8. Open questions for the implementing team / its sponsor

  1. Admin-initiated only, or also public self-serve? Is the only entry point the admin "Reset Password" button (§5.3 first bullet), or do you also want a public "forgot password?" link from the login page (§5.3 last bullet)? The endpoints support both; the question is which Web surfaces to build. Recommendation: build both endpoints, ship the admin button now, and add the public forgot-password page in the same pass since it is nearly free once the endpoint exists.
  2. Token mechanism — confirm Identity's built-in is acceptable (§4 recommendation) vs. a hard requirement to use the hand-rolled hashed-token scheme. Recommendation: Identity built-in.
  3. Reset token lifespan — confirm the window (recommend 12 hours).
  4. Return host / link base — the registration flow has the caller pass returnHost. Confirm the reset flow does the same (the consumer supplies the base URL of its public reset page), vs. AuthBlocks configuring a reset base URL in options. Recommendation: pass returnHost per-call, mirroring registration, so AuthBlocks stays host-agnostic.
  5. Does the public reset page (/account/reset-password) need to render in a consumer's own layout? The page ships in the AuthBlocks RCL with no @layout, so it inherits whatever the consuming host sets as default — same as Register.razor. Confirm this is acceptable (it should be; it is how registration already behaves).
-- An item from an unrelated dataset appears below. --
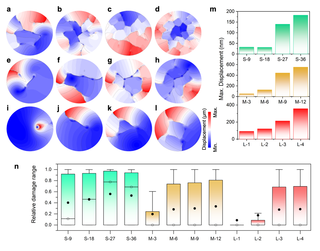 (1) 采用多物理场模拟方法建立了电化学-力学耦合模型,对固态电解质内部锂细丝生长引起的失效过程进行了系统研究,通过应力场动态演变、局部位移和相对损伤的可视化,揭示了裂纹形成及其在固态电解质内扩展过程。研究结果表明,固态电解质的局部位移是应力传递的结果,导致固态电解质内部的结构损伤和裂纹形成。锂细丝几何构型起伏区域引起的各向异性应力场以及相对位移加剧了固态电解质的结构损伤,固态电解质内部锂细丝的数量和尺寸对应力场分布和局部位移至关重要,小尺寸锂细丝的弥散分布促进相邻细丝间连续应力网络的形成,加速了损伤在固态电解质内部的传递。该成果以《内部锂细丝生长引发的固体电解质电化学-力学失效》(Electro-chemo-mechanical failure of solid electrolyte induced by growth of internal lithium filaments)为题发表在材料领域知名期刊《先进材料》(Advanced Materials)上(图1,Adv. Mater. 2022, 34, 2207232)。
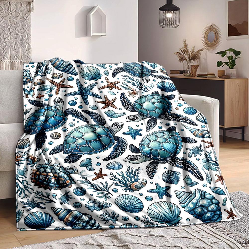 1 Stück Decke mit Meeresschildkrötenmuster, Warm, Gemütlich und Weich, Geeignet für Sofas, Betten, Autos und Büronutzung. Perfekt für Camping und Reisen, was sie zu einer großartigen

9. Suggested reading order in the repo

  1. AuthBlocksLib/Routes/PendingRegistrationRoutes.cs — the email-sending endpoint to mirror.
  2. AuthBlocksLib/Routes/AuthRoutes.cs — where your endpoints go; the result/logging conventions.
  3. AuthBlocksLib/Common/RegistrationEmailTemplate.cs — the email house style.
  4. AuthBlocksWeb/Components/Pages/Account/Register.razor — the public-page + query-param-prefill pattern for your reset page.
  5. AuthBlocksWeb/Components/Pages/UserAdmin/Users/Users.razor — the stub to replace.
  6. AuthBlocksLib/AuthBlocksExtensions.cs + AuthBlocksOptions.cs — the email sender + options wiring you reuse (and where to add a token-provider registration if one is missing).
  7. AuthBlocksData/Services/UserService.cs — the UserManager<ApplicationUser> access point for the Identity reset primitives.